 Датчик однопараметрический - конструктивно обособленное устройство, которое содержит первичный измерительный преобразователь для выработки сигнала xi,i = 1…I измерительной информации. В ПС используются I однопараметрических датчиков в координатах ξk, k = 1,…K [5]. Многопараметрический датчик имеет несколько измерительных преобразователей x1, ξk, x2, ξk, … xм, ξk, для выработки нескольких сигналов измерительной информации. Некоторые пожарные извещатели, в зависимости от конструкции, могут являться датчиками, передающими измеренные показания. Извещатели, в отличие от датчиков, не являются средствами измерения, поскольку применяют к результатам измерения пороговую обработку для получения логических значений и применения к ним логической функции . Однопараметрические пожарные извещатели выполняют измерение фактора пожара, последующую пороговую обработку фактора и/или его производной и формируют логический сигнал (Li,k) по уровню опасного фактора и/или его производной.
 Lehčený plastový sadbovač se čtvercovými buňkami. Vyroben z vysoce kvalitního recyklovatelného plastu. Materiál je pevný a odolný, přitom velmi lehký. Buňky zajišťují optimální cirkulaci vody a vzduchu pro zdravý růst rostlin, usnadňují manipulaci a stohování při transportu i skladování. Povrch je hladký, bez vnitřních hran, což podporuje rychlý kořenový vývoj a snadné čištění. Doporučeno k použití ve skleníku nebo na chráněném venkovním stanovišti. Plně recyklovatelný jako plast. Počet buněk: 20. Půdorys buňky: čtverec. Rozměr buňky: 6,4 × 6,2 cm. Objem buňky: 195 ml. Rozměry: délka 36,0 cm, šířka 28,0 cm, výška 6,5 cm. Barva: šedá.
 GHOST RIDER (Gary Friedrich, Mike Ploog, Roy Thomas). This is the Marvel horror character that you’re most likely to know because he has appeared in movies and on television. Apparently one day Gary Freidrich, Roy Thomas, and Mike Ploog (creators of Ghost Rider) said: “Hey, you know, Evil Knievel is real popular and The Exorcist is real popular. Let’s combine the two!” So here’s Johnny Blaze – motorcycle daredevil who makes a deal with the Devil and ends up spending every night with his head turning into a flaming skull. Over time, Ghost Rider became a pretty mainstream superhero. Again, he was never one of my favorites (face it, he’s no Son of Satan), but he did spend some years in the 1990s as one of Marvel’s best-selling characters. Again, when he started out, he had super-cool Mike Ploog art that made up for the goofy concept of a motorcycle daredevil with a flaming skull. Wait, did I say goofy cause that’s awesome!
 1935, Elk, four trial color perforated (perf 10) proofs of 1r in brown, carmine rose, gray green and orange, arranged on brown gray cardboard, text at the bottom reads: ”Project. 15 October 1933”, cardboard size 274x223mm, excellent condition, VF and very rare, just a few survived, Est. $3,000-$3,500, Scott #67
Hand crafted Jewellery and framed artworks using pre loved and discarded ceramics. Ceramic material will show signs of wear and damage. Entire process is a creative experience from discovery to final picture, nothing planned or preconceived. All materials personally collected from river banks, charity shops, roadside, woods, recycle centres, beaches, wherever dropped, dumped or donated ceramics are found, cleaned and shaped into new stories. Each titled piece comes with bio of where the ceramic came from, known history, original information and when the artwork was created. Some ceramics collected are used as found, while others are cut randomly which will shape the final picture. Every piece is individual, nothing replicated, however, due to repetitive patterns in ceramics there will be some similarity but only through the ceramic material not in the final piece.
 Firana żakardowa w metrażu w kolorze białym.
....
**PROBLEM DESCRIPTION**: Give back each record exactly, from the first line through the last.

**WRITTEN RESPONSE**:
 Датчик однопараметрический - конструктивно обособленное устройство, которое содержит первичный измерительный преобразователь для выработки сигнала xi,i = 1…I измерительной информации. В ПС используются I однопараметрических датчиков в координатах ξk, k = 1,…K [5]. Многопараметрический датчик имеет несколько измерительных преобразователей x1, ξk, x2, ξk, … xм, ξk, для выработки нескольких сигналов измерительной информации. Некоторые пожарные извещатели, в зависимости от конструкции, могут являться датчиками, передающими измеренные показания. Извещатели, в отличие от датчиков, не являются средствами измерения, поскольку применяют к результатам измерения пороговую обработку для получения логических значений и применения к ним логической функции . Однопараметрические пожарные извещатели выполняют измерение фактора пожара, последующую пороговую обработку фактора и/или его производной и формируют логический сигнал (Li,k) по уровню опасного фактора и/или его производной.
 Lehčený plastový sadbovač se čtvercovými buňkami. Vyroben z vysoce kvalitního recyklovatelného plastu. Materiál je pevný a odolný, přitom velmi lehký. Buňky zajišťují optimální cirkulaci vody a vzduchu pro zdravý růst rostlin, usnadňují manipulaci a stohování při transportu i skladování. Povrch je hladký, bez vnitřních hran, což podporuje rychlý kořenový vývoj a snadné čištění. Doporučeno k použití ve skleníku nebo na chráněném venkovním stanovišti. Plně recyklovatelný jako plast. Počet buněk: 20. Půdorys buňky: čtverec. Rozměr buňky: 6,4 × 6,2 cm. Objem buňky: 195 ml. Rozměry: délka 36,0 cm, šířka 28,0 cm, výška 6,5 cm. Barva: šedá.
 GHOST RIDER (Gary Friedrich, Mike Ploog, Roy Thomas). This is the Marvel horror character that you’re most likely to know because he has appeared in movies and on television. Apparently one day Gary Freidrich, Roy Thomas, and Mike Ploog (creators of Ghost Rider) said: “Hey, you know, Evil Knievel is real popular and The Exorcist is real popular. Let’s combine the two!” So here’s Johnny Blaze – motorcycle daredevil who makes a deal with the Devil and ends up spending every night with his head turning into a flaming skull. Over time, Ghost Rider became a pretty mainstream superhero. Again, he was never one of my favorites (face it, he’s no Son of Satan), but he did spend some years in the 1990s as one of Marvel’s best-selling characters. Again, when he started out, he had super-cool Mike Ploog art that made up for the goofy concept of a motorcycle daredevil with a flaming skull. Wait, did I say goofy cause that’s awesome!
 1935, Elk, four trial color perforated (perf 10) proofs of 1r in brown, carmine rose, gray green and orange, arranged on brown gray cardboard, text at the bottom reads: ”Project. 15 October 1933”, cardboard size 274x223mm, excellent condition, VF and very rare, just a few survived, Est. $3,000-$3,500, Scott #67
Hand crafted Jewellery and framed artworks using pre loved and discarded ceramics. Ceramic material will show signs of wear and damage. Entire process is a creative experience from discovery to final picture, nothing planned or preconceived. All materials personally collected from river banks, charity shops, roadside, woods, recycle centres, beaches, wherever dropped, dumped or donated ceramics are found, cleaned and shaped into new stories. Each titled piece comes with bio of where the ceramic came from, known history, original information and when the artwork was created. Some ceramics collected are used as found, while others are cut randomly which will shape the final picture. Every piece is individual, nothing replicated, however, due to repetitive patterns in ceramics there will be some similarity but only through the ceramic material not in the final piece.
 Firana żakardowa w metrażu w kolorze białym.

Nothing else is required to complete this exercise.